Thirty years ago, with the passage of the great civil rights laws, one could have reasonably expected—as I did—that all would be set right by now.

It was widely assumed in the 1960s that the poor performance of blacks and Latinos must have been due to flaws biasing the admissions process. That blacks did worse on admissions tests was the fault of, say, culturally inappropriate vocabulary questions about the word “regatta.”

“The irony is that today a remarkable fraction of the black beneficiaries of affirmative action are not descended from American slaves.”

Sensitivity committees were hired to scour test questions for bias. Scoring was made easier on the SAT verbal test. Analogies were dumped. A writing test was added and then dropped.

And…nothing much happened. The gap between white and black test scores was slightly blunted, but persisted.

Similarly, it was hoped that race quotas would uncover numerous diamonds in the rough. But it turned out that students let in on racial quotas did about as badly as could be expected.

Harvard, the alpha dog of academia, performed numerous quantitative studies during the 1970s about how far it could push affirmative action, and discovered definite limits (summarized in Robert Klitgaard’s 1985 book Choosing Elites). In particular, black males from underclass backgrounds who had been admitted to Harvard had an alarming tendency to violently victimize their fellow students.

More hardheaded observers in the 1960s assumed that the race gaps were real but transient. Give blacks a generation under post–Jim Crow conditions and they would catch up.

A late example of that outdated optimism came in Sandra Day O’Connor’s controlling opinion in the Supreme Court’s 2003 Grutter v. Bollinger affirmative action case. O’Connor upheld racial privileges, but declared that they wouldn’t be needed in a quarter of a century:

The Court takes the Law School at its word that it would like nothing better than to find a race-neutral admissions formula and will terminate its use of racial preferences as soon as practicable. The Court expects that 25 years from now, the use of racial preferences will no longer be necessary to further the interest approved today.

In 2017, we are now over halfway to O’Connor’s 2028 end point, but nobody any longer believes that the world will be much different by then.

In fact, O’Connor’s decision concocted the perpetual-motion “diversity rationale” for racial privilege: You see, white students benefit from what quota kids bring to the classroom (such as racial resentment). Since nobody can actually measure the benefits of diversity except through faith, there is no end in sight for racial preferences.
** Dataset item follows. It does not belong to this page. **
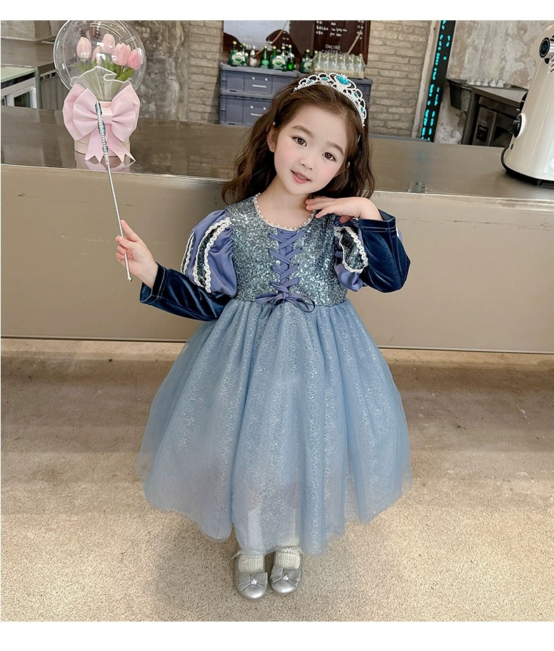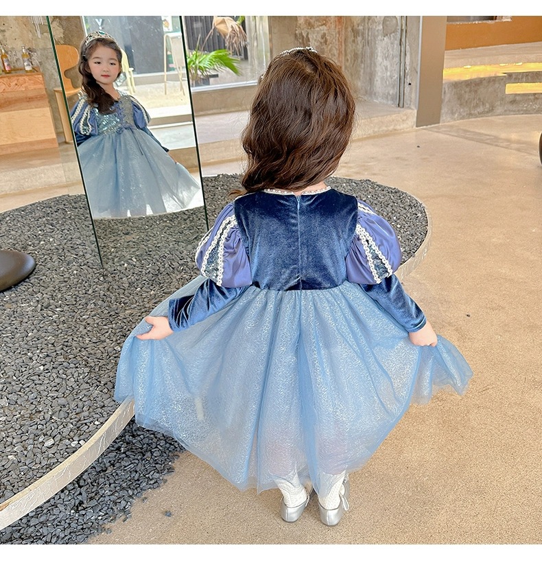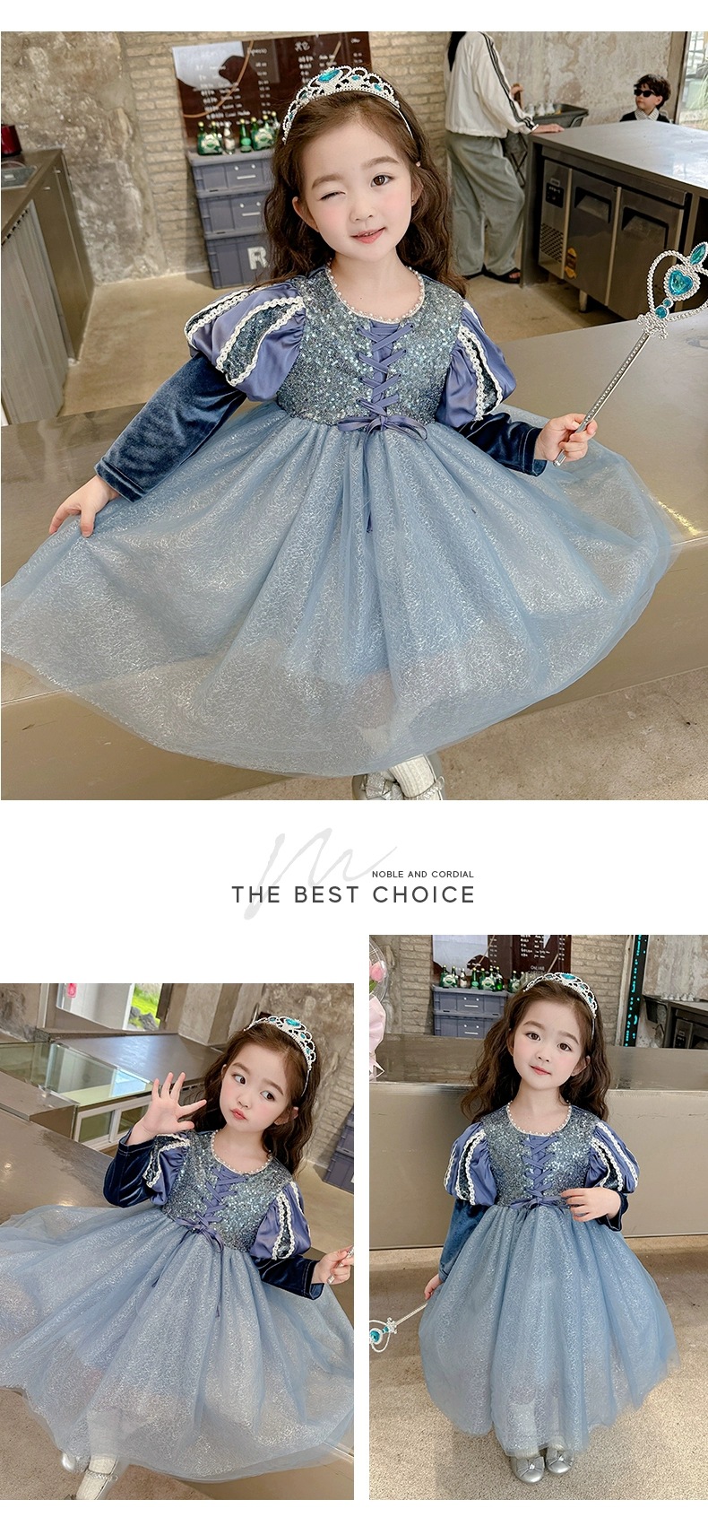 여자 원피스 가을 슈퍼 페어리 메쉬 원피스 2024 새로운 어린이 엘사 공주 원피스 여자 세련된 원피스스토어 가기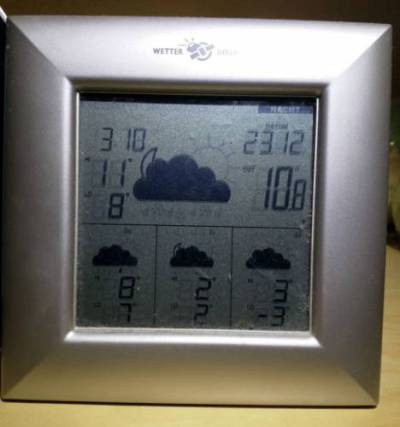 * 'Digitale Wetterstation' (elektronisch) mit Sensoren für die entsprechenden Größen

But by 1998, it was clear to Glazer that if blacks had to win admission on their own merits, the top colleges would be only 1 or 2 percent black, instead of the 6 or 7 percent black seen with affirmative action.

Today, little has changed after Glazer’s second thoughts.

Consider an SAT score of 700, which is common for students at strong private universities such as USC or NYU. On the SAT exam in 2016, for instance, I estimate that only about 645 blacks in the country scored 700 or higher on the math portion, compared with 40,000 whites and an incredible 43,000 Asians.

On the reading section of the SAT, about 809 blacks reached the 700s versus 36,000 whites and 17,000 Asians.

At the Harvard-Stanford level of a 750 SAT score, whites outnumber blacks about 72 to 1 on reading and 107 to 1 on math.

Blacks have remained at about 6 percent of elite college freshmen since 1980. Considering the huge increase in Asians and Hispanics due to immigration, that steady state is much better than whites have done over the same time period.

The irony, however, is that today a remarkable fraction of the black beneficiaries of affirmative action are not descended from American slaves. Although quotas are often conceived of as reparations for slavery in America, a huge proportion of the beneficiaries of being black track ancestry either to a white parent or to non-American blacks (often to the triumphant tribes who sold fellow blacks into slavery).

In a 1999 survey by Douglas Massey of Princeton, 41 percent of black Ivy League freshmen had at least one foreign-born parent. At all private colleges, 27 percent of black freshmen were of immigrant background.